The variables.tf file within the Terraform configuration allows for explicit definition of variables. It acts as a default but is only used if no other source provides a value for that variable.

Example

				
					# variables.tf 

variable "server_name" { 
  description = "Name of the web server" 
  default     = "my-web-server" 
} 

variable "port" { 
  description = "Port on which the web server will run" 
  default     = 8080 
} 

variable "environment" { 
  description = "Environment for the web server" 
  default     =”testing” 
}

terminal output

6. Module Invocation

Variables provided when invoking a module are the most specific and hold the highest precedence within that module’s context.

Example

				
					module "web_server" { 
  source        = "./modules/web_server" 
  server_name   = "my-specific-web-server" 
  port          = 8001 
  environment   = "custom-environment" 
}

terminal output

7. Interactive Input

This is the highest precedence when no other values are specified in the configuration or provided through other sources, it enters an interactive mode during command execution.
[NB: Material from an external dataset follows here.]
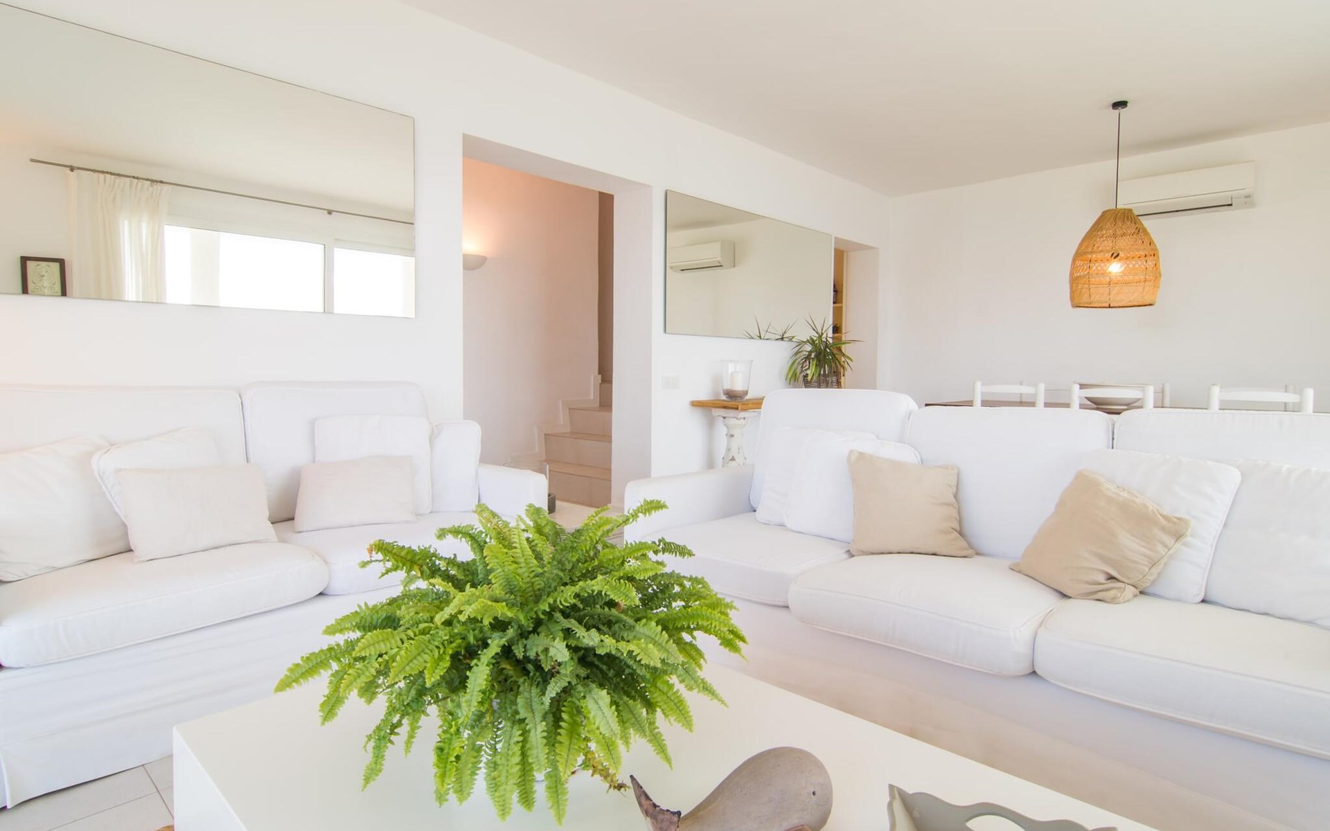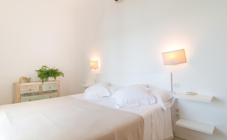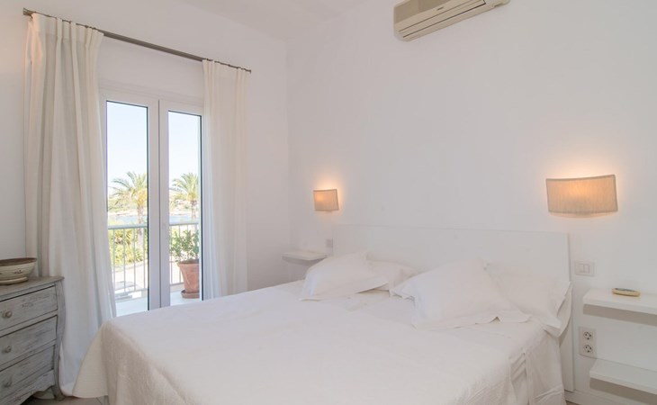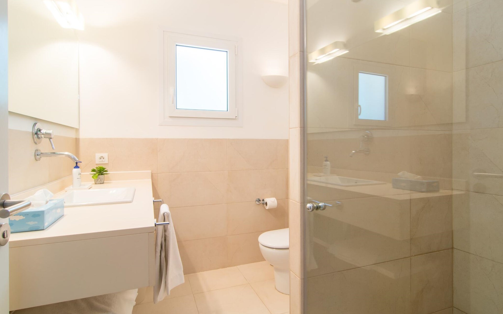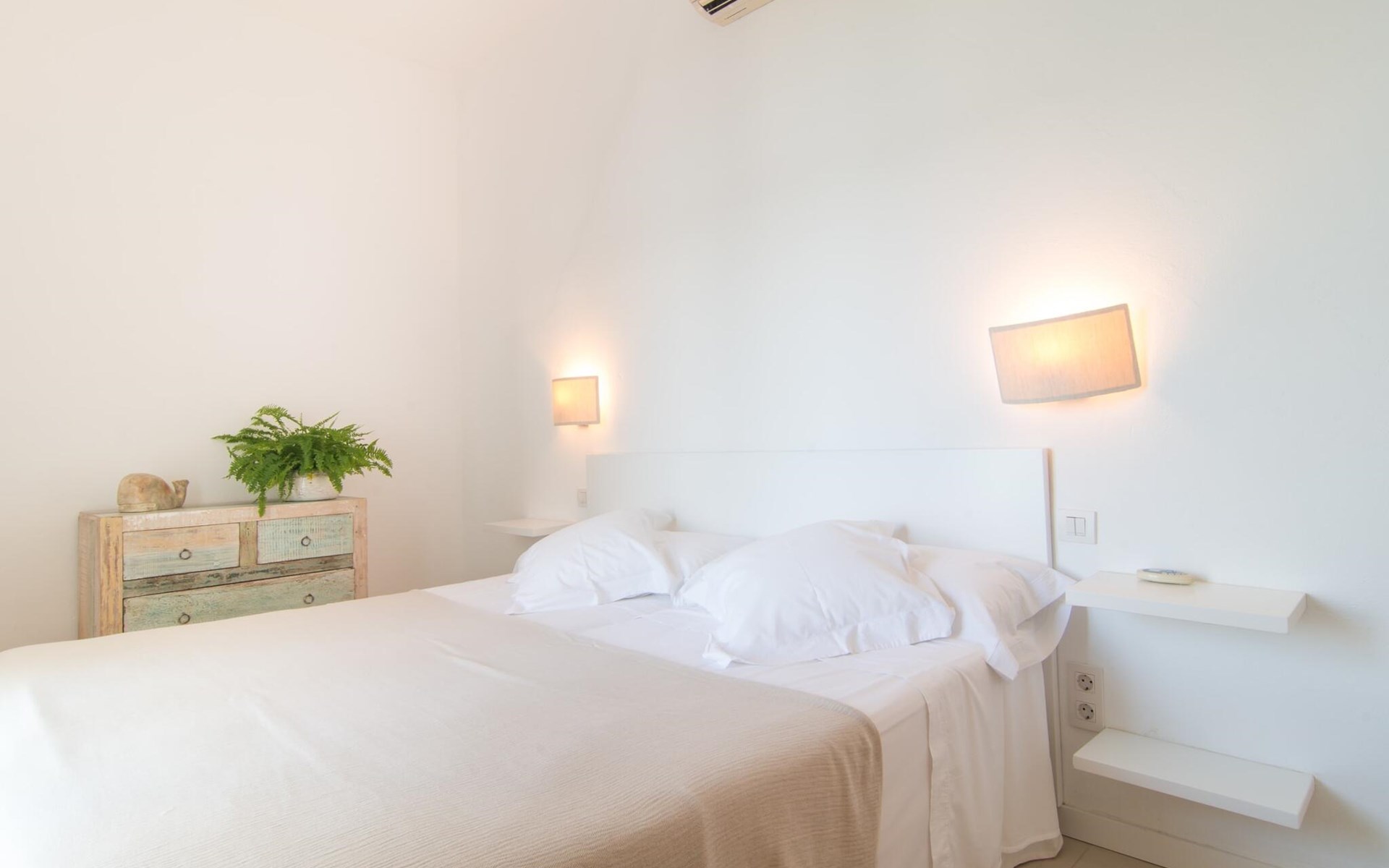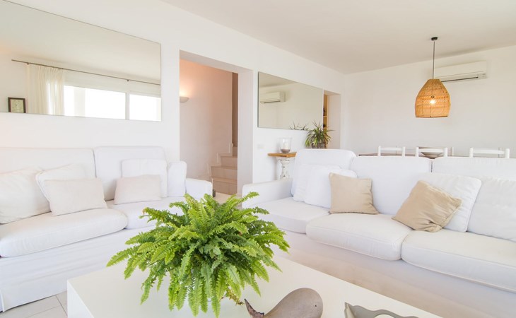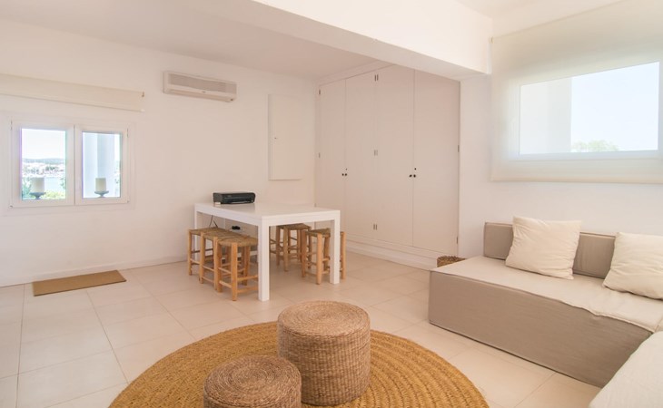 Das Gebäude erstreckt sich über zwei Etagen und nimmt eine Gesamtfläche von rund 270 Quadratmetern ein. Die zahlreichen Fenster und die fast ausschließlich hellen Farben durchfluten das Haus mit Sonnenlicht und strahlen eine rundum extravagante Aura aus. Ein kombiniertes Wohn-/Esszimmer, das zum Hafen ausgerichtet ist, bietet gleichzeitig eine äußerst gemütliche Sofalandschaft mit einem praktisch installierten Fernseher sowie einen langen, edlen Esstisch, an dem sechs Personen Platz finden. Ein zusätzlicher, kindgerecht gestalteter Aufenthaltsraum ist in die Architektur der Villa integriert. Daneben gibt es Kindermöbel und ein zusätzliches Sofa zum Entspannen. Dieser Raum ist ein ideales Spielzimmer, in das man sich bei Bedarf auch mit den Kleinen zurückziehen kann. Die pflegeleichte Küche im edlen Design verfügt über alles, was Sie für den Alltag benötigen, inklusive Wasserkocher und Filterkaffeemaschine. Die klimatisierten Schlafzimmer (zwei davon mit eigenem Bad) sind großzügig geschnitten, mit hochwertigen Möbeln ausgestattet und weisen ein sehr elegantes Design auf. Der bewusst sparsame Einsatz von Dekoration verleiht diesen Räumen einen hellen und einzigartigen Charakter, der eine angenehme Ruhe fördert. Die traumhafte Aussicht, teilweise auch vom Schlafzimmer aus sichtbar, macht diesen Ort zum Gipfel des Komforts. In allen Schlafzimmern stehen zwei 0,90 x 2,00 m große Betten zur Verfügung. Das geschmackvolle Design setzt sich auch in den Badezimmern fort. Diese verfügen über ein äußerst modernes Design, sind sehr komfortabel und großzügig geschnitten. Und von hier aus kann man einen Teilmeerblick genießen!

In this mode, Terraform prompts the user for input, allowing them to enter values for the undefined variables.

terminal output

Best Practices when using Interactive Input

While interactive input provides flexibility, it’s generally advisable to define default values for variables in your configuration whenever possible. This helps avoid interruptions during non-interactive executions and ensures smoother automation workflows. Additionally, documenting variable requirements and defaults in your configuration enhances the usability of your Terraform code.